● **Assignment**: One exact copy of the listing is needed. It should contain no pictures.

● **Data block**:
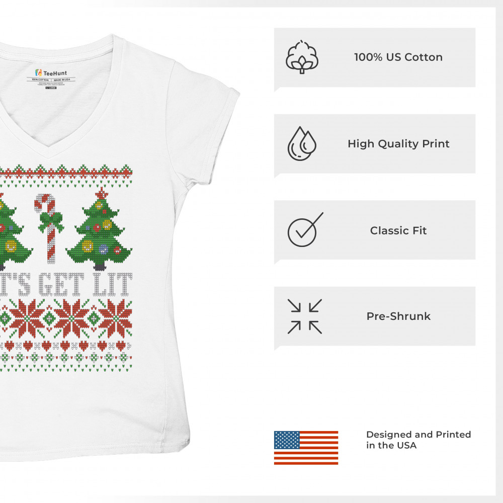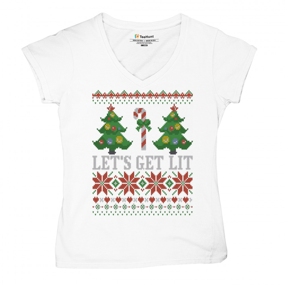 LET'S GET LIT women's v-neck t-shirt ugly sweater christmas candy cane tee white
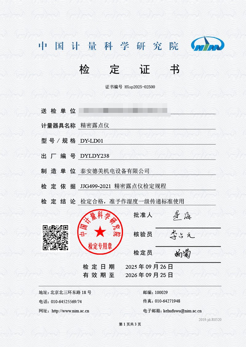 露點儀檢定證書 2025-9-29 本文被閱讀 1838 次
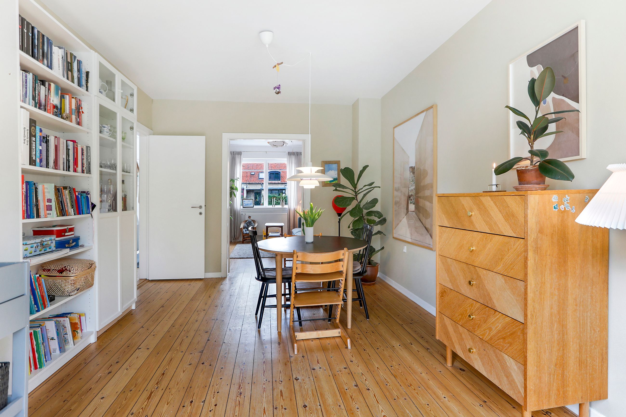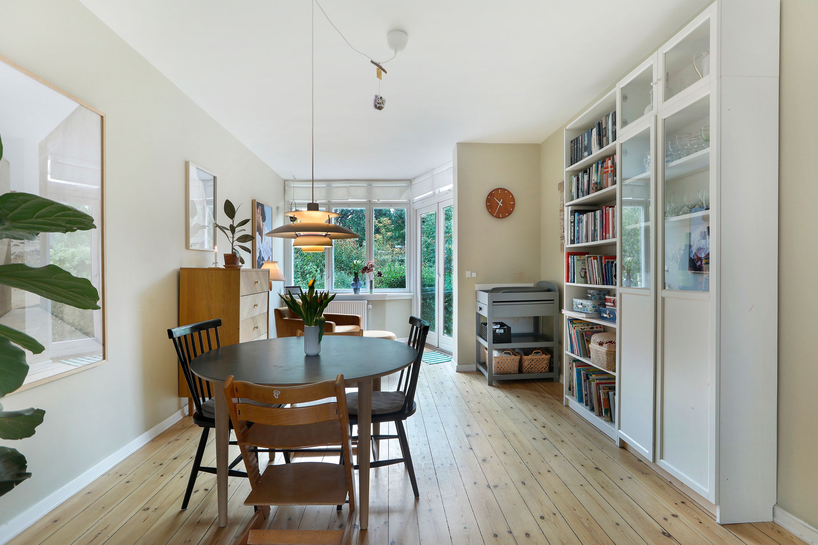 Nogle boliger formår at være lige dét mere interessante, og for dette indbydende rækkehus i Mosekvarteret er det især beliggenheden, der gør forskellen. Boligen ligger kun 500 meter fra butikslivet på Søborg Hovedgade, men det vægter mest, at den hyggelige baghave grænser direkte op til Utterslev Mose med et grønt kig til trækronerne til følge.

● **Output for this task**:
 LET'S GET LIT women's v-neck t-shirt ugly sweater christmas candy cane tee white
 露點儀檢定證書 2025-9-29 本文被閱讀 1838 次
 Nogle boliger formår at være lige dét mere interessante, og for dette indbydende rækkehus i Mosekvarteret er det især beliggenheden, der gør forskellen. Boligen ligger kun 500 meter fra butikslivet på Søborg Hovedgade, men det vægter mest, at den hyggelige baghave grænser direkte op til Utterslev Mose med et grønt kig til trækronerne til følge.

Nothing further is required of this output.